## Work to be completed
After locating the line that contains "Visit Proof |", output that line and each one following it, exactly, to the end of the entries. No pictures.

## Exercise input
--- START ---

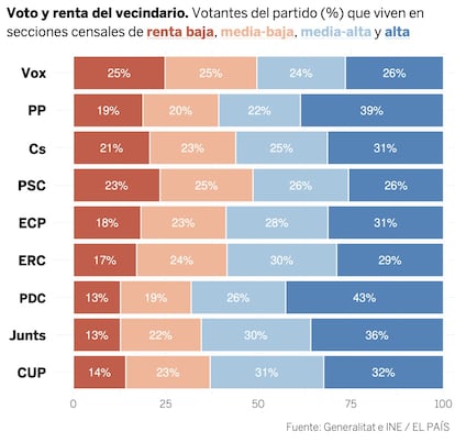 - Vox es el partido cuyos votos salen de barrios pobres en mayor proporción. Una cuarta parte de todas sus papeletas llegaron de allí. Solo se le acerca el PSC, con un 23%. Esos vecindarios de rentas bajas solo aportan un 17%-18% de los votos de ERC.
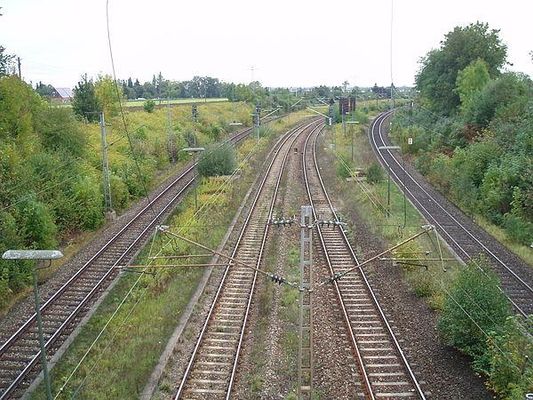 Der Bahnhof ist als Durchgangsbahnhof angelegt und hat vier Gleise und zwei Mittelbahnsteige. Die beiden mittleren Gleise kommen von Gleis 6 beziehungsweise führen zu Gleis 7 des Bahnhofes Augsburg-Oberhausen , Richtung Westen erreichte man früher Dinkelscherben, Markt Wald, Welden und Ulm. Die Weiche, die zur Weldenbahn führte, ist allerdings ausgebaut und die Strecke nach Welden stillgelegt sowie nahezu vollständig zurückgebaut. Über diese beiden mittleren Gleise fahren nur Regional- und Güterzüge.
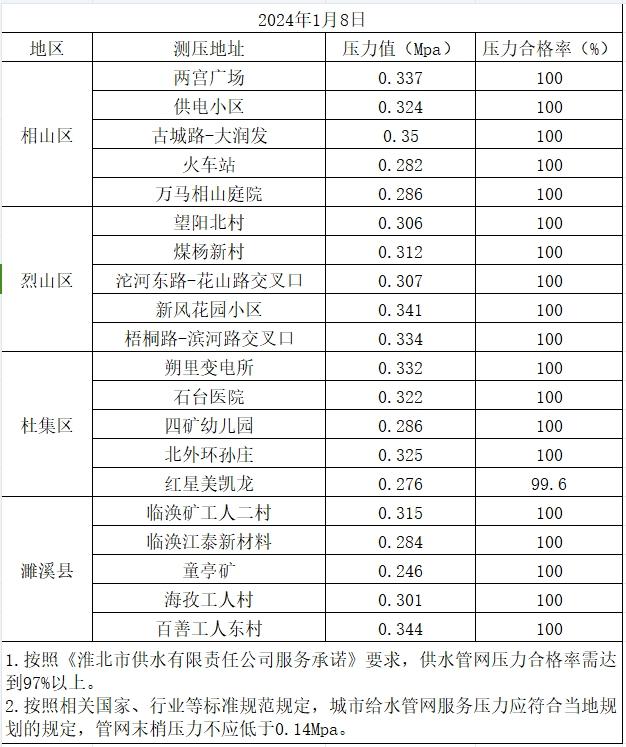 2024年1月8日水壓信息公開
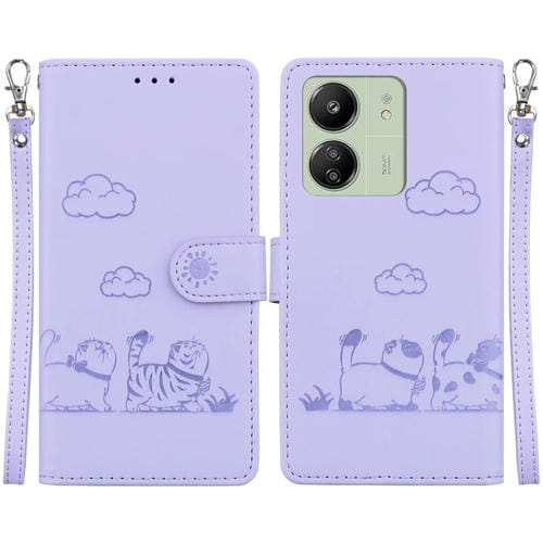 Funda de Cuero Rfid con Diseño de Gatos para Redmi 13C 4G/5G (Morada)
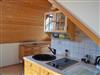 Über einen eigenen Eingang gelangt man ins Dachgeschoss des Kellerstöckls, wo eine behagliche Ferienwohnung mit ca. 40 m² Wohnfläche eingerichtet wurde. Diese verfügt über einen gemütlichen Wohnraum mit einer Kochecke. Ein Schlafzimmer ist mit einem Doppelbett und zwei Zustellbetten für Kinder, sowie mit schönen, antiken Möbeln eingerichtet. Ein Badezimmer mit Dusche und einem separaten WC rundet alles ab. Ein TV-Gerät steht zur Verfügung. Hinter dem Haus lädt eine Gartengarnitur und Liegestühle zum gemütlichen Beisammensein ein. Ein überdachter PKW-Abstellplatz befindet sich direkt neben dem Haus.
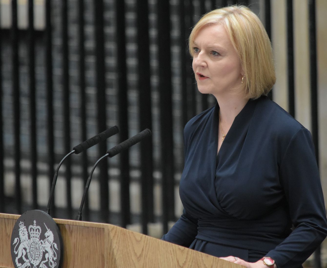 首相官邸前で就任演説を行うトラス首相(2022年9月6日)
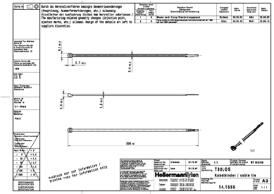 | Kort beskrivelse BMEcat | Kabelbinder med udvendige tænder 200x3,4 mm, V0 hvid |
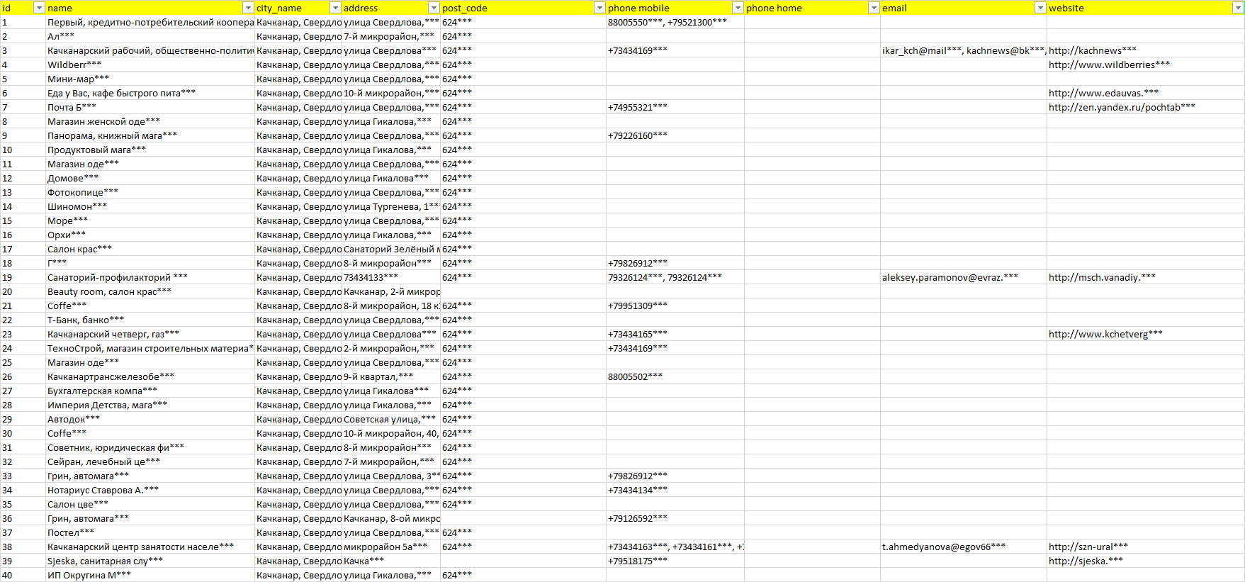 База компаний Качканар, вся РФ в формате Excel с эл. почтами, телефонами, сайтами, ссылками на соц сети, координатами и другой информацией. Скачайте демо версию, чтобы ознакомиться с данными.
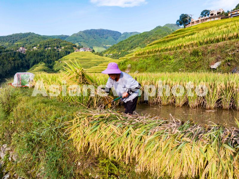 2025年8月24日,初秋时节,贵州省黔东南苗族侗族自治州从江县加榜梯田水稻陆续成熟,当地村民抢抓农时收割,层层梯田与苗寨、青山交相辉映,勾勒出一幅美丽的丰收画卷。
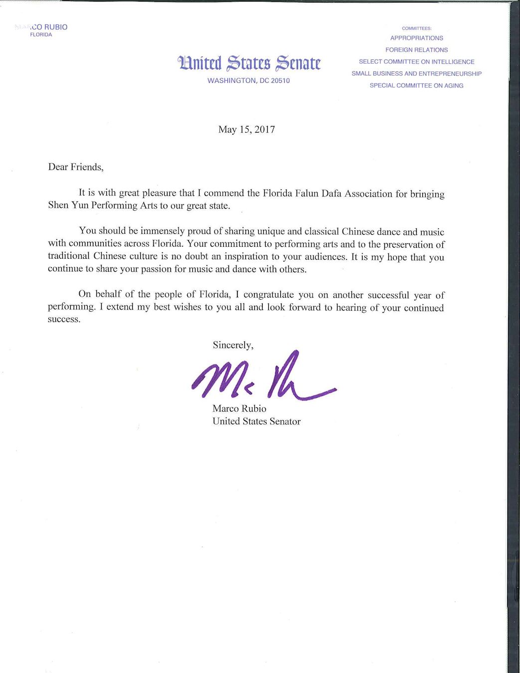 ![]() 图:佛罗里达州迈阿密的美国联邦参议员、美国国会中国问题常务委员会(Congressional-Executive Commission on China)共同主席马可·鲁比奥(Marco Rubio)给佛罗里达法轮大法协会发来贺信 |
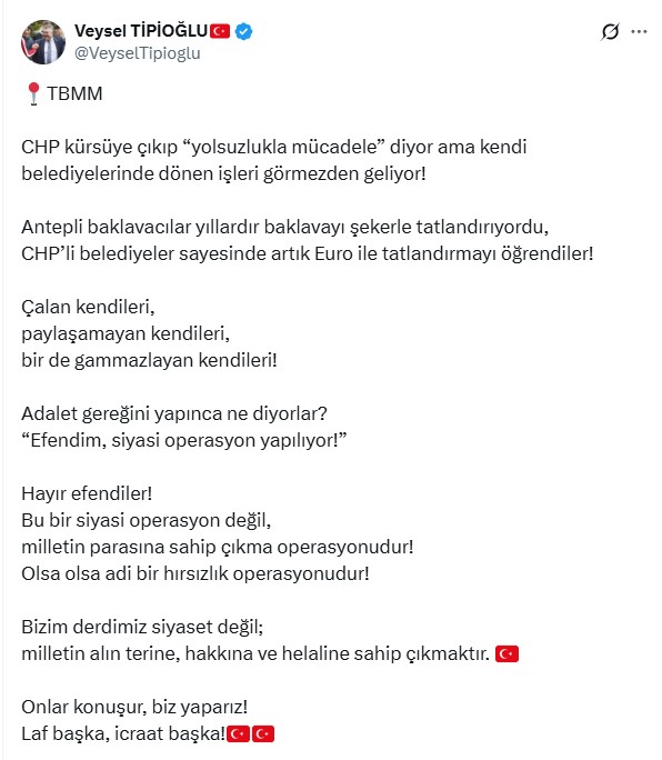 Sosyal medyadan da paylaşımda bulunan Tipioğlu, “CHP kürsüye çıkıp “yolsuzlukla mücadele” diyor ama kendi belediyelerinde dönen işleri görmezden geliyor. Antepli baklavacılar yıllardır baklavayı şekerle tatlandırıyordu. CHP’li belediyeler sayesinde artık euro ile tatlandırmayı öğrendiler” dedi.
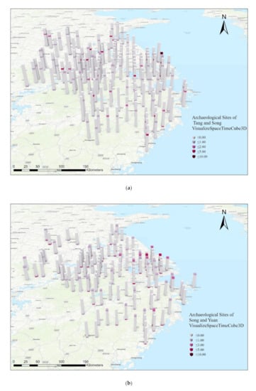 The symbolized cube directly expresses the spatio-temporal trend changes of the Archaeological Sites’ data. The darker the color of the column is, the more Archaeological Sites that appeared in that period. A single gray cube indicates that the number of Archaeological Sites is 1 or less than 1. According to the cube diagram, the spatio-temporal distribution of the Archaeological Sites and the changing trend of each time stage can be analyzed, showing the changes of Archaeological Sites from the Tang Dynasty to the Song Dynasty, as shown in Figure 9.
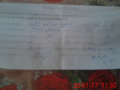 | Attendance Register | Head Teacher | MEA with School | Visit Proof |
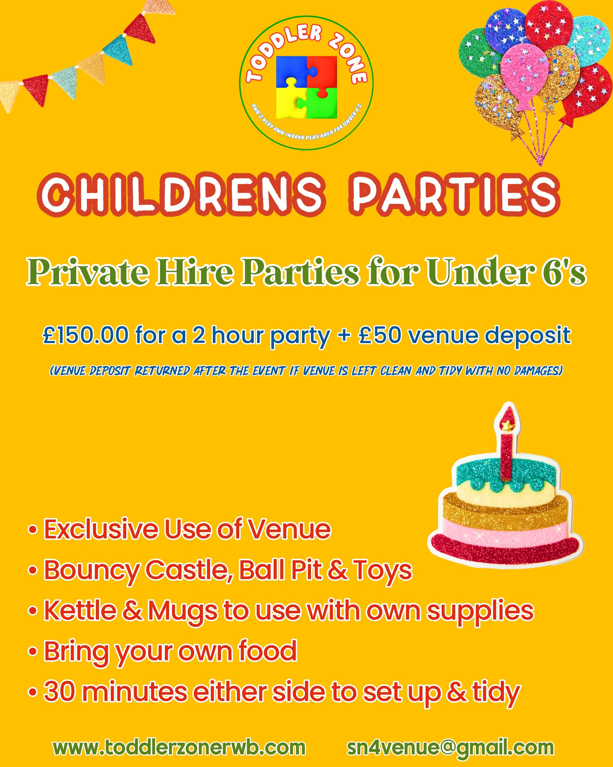 Hire Toddler Zone to celebrate your child's Birthday. Enjoy your 2 hour party with everything under one roof.

--- END ---

## Result of the task
 | Attendance Register | Head Teacher | MEA with School | Visit Proof |
 Hire Toddler Zone to celebrate your child's Birthday. Enjoy your 2 hour party with everything under one roof.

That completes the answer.